The report explores key steps of the typical search process and connects equity-minded principles to each step with the goal of changing the protocols, practices, and norms that form the pathway to the college presidency.
The report found that a search based on equality would allow governing boards and search committees to identify the best qualified candidate for the presidency while also providing a foundation for equity and stability as institutions manage current political, educational, and societal issues.
The five equity-minded principles outlined in this brief offer a way for governing boards and search committees to disrupt traditional hiring routines formed by norms and ameliorate the exclusion of highly qualified individuals who have been historically marginalized in these processes:
- Challenge perceptions of what constitutes a good candidate: Recognize that talent comes in many forms and don’t tie risk and level of experience together for decision making.
- Don’t expect minoritized candidates to be superheroes, and be prepared to support them.

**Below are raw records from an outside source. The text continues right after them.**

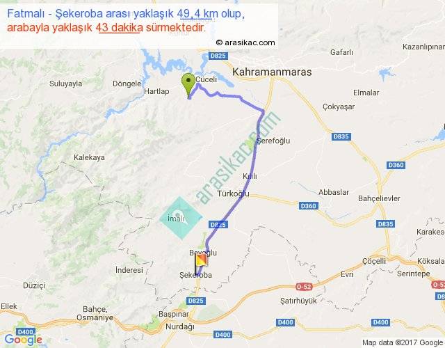 Fatmalı - Şekeroba arası yaklaşık olarak 90 km/h ile yukarıda belirtilen sürede olup, iki yerin kuş uçuşu uzaklığı (mesafesi) 31'dir. Yolculuk otobüsle 55 dakika sürmektedir.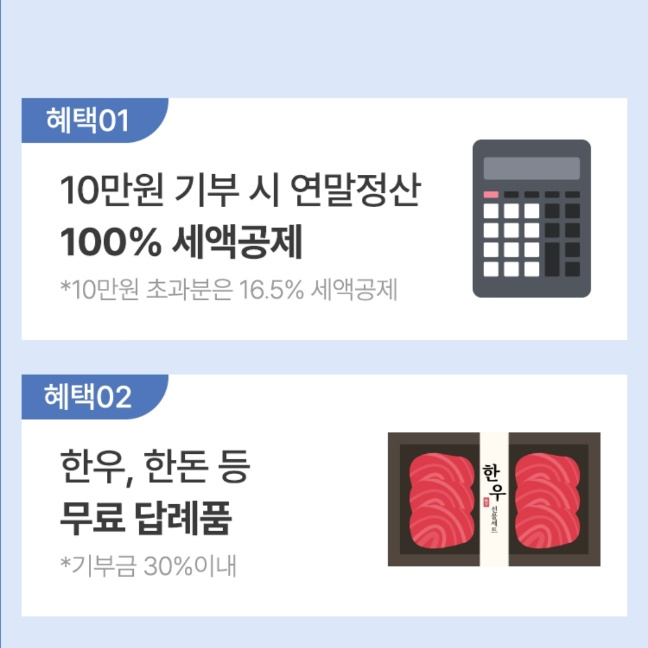 1️⃣ 100% 환급 혜택: 10만 원 기부 시 전액 세액공제와 3만 원 상당의 답례품을 더해 기부금 이상의 이득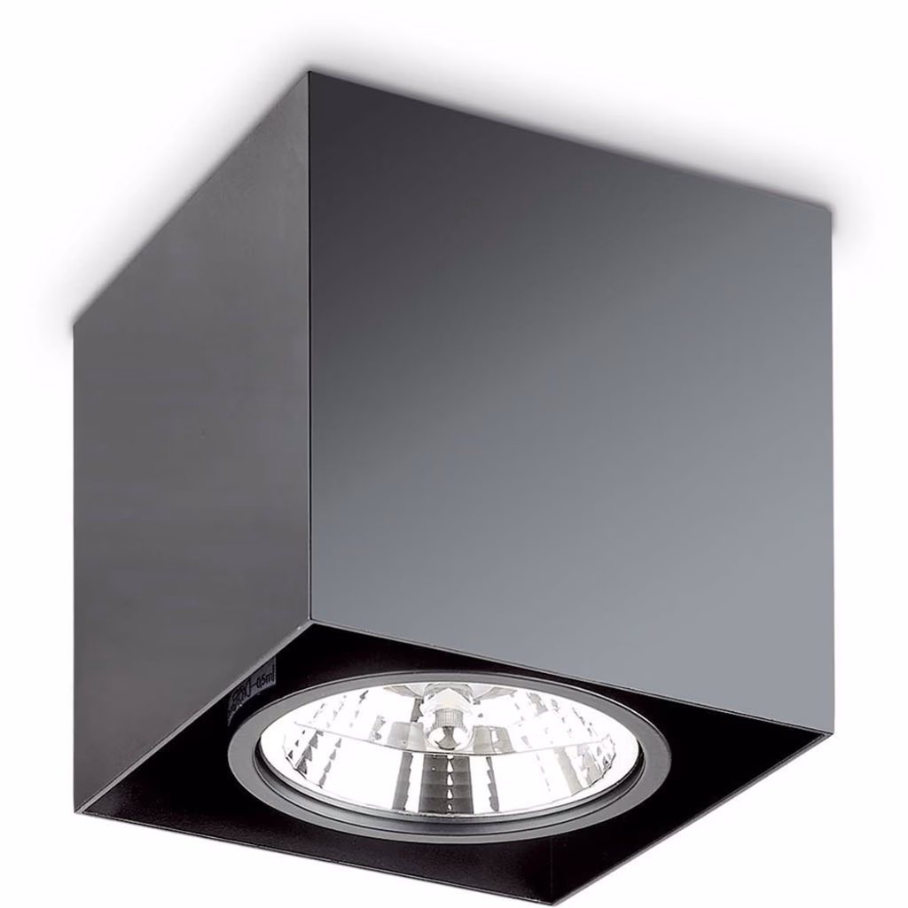 Corpo luce in metallo con sezione quadra. Nero all'interno e nero all'esterno. Diffusore interno orientabile. L 15 x H 15 x P 15 cm GU10 max 1 x 50W Lampadina inclusa IP20
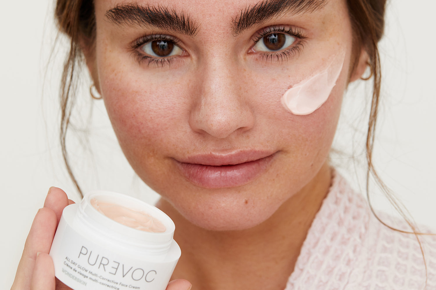 After washing your face with a cleanser, apply a serum followed by the PUREVOC Face Cream, and your sunscreen should go on after.

- Examine implicit bias and participate in meaningful bias training: Creates a committee to reflect on biases and focus on intentional open-mindedness.
- Shape an intentional and inclusive presidential leadership prospectus: Use a written prospectus that feels inclusive and does not make candidates “self-select out.”
- Be mindful in the selection of search firms.
The report recommends when going through the search process to ask equity-minded questions such as:
- How can your firm make the search equitable for all candidates?
- What is your firm’s history of hiring finalists from diverse and nontraditional backgrounds?
- What practices does your firm employ during the search to address mechanisms of exclusion, microaggressions, and bias toward candidates?
- How does the firm you intend to hire train consultants to recognize their biases?
- Does your firm offer bias training to committee and board members? How is their bias training different from the one offered at your institution, assuming you have one?
- How does your firm ensure that the members of the search committee adhere to the equity-minded principles taught in the training?